They just don't want to be blamed for the cascading failure that took days to resolve.
Other airlines like Delta fly hub and spoke. For example, when I want to fly somewhere on Delta I take a short flight to ATL and then go from there. That flight from my town to ATL happens 5-6x/day. If my town has bad weather, it's mostly only that flight that is impacted.

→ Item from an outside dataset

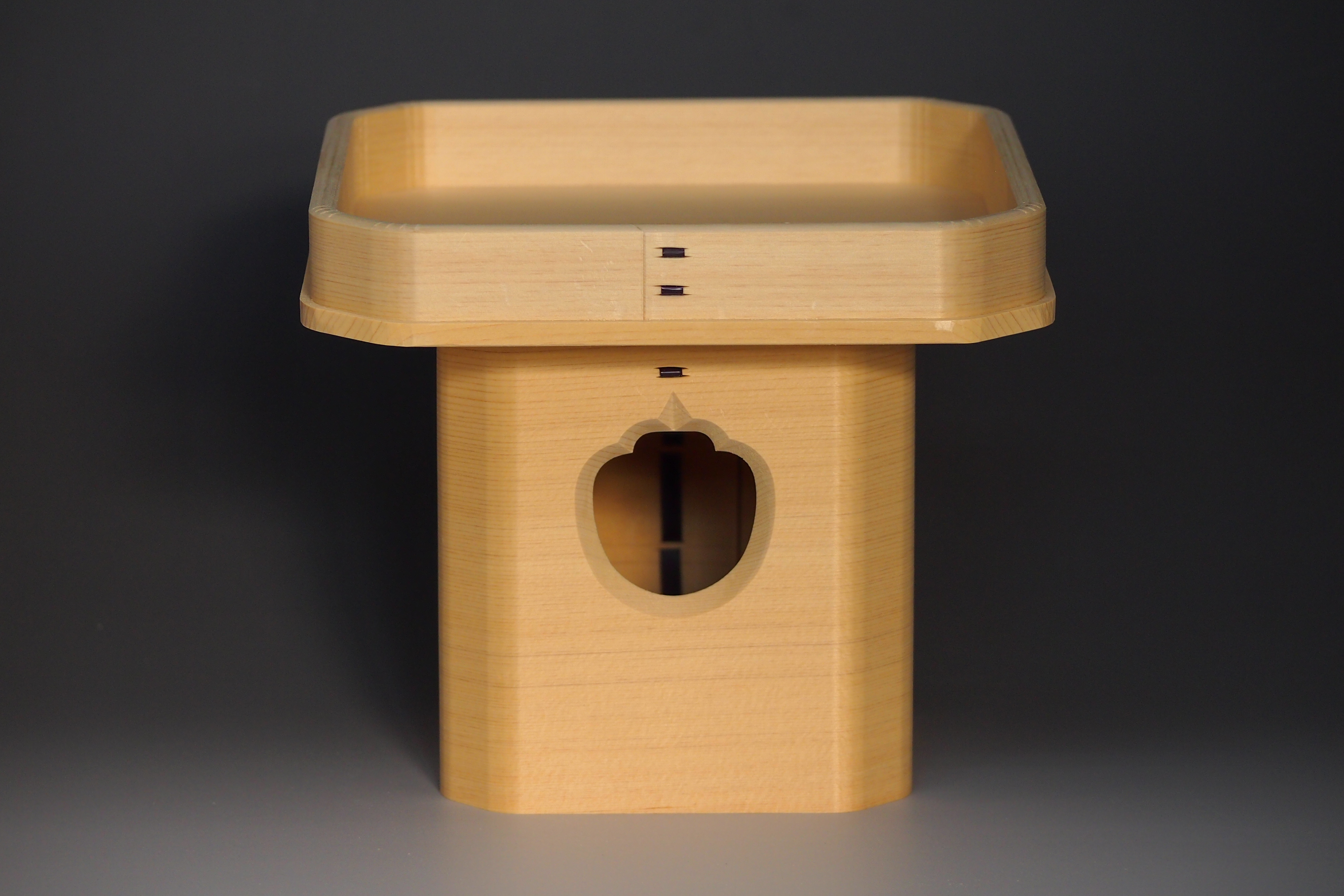 神ノ木である木曽檜で作りました。本職用です。 狂いの少ない本柾(糸柾)の板を使用しています。

SW does point to point flows. A SW flight might only leave from my town once/day on its way to the next stop and then another. If we have bad weather, all the stops down the line are impacted.
Planes are also not the only issue. Crews have strict rules about how much downtime they have to have, so any delays can mean crews run out of flight time.
Southwest has a unique scheduling model where most of the flights are on multi-hop trips, as opposed to other airlines where most or at least many flights are to/from a hub.
If you're doing mostly east/west multi-hop trips, it doesn't seem unreasonable for a lot of those to touch Florida. It's a popular destination.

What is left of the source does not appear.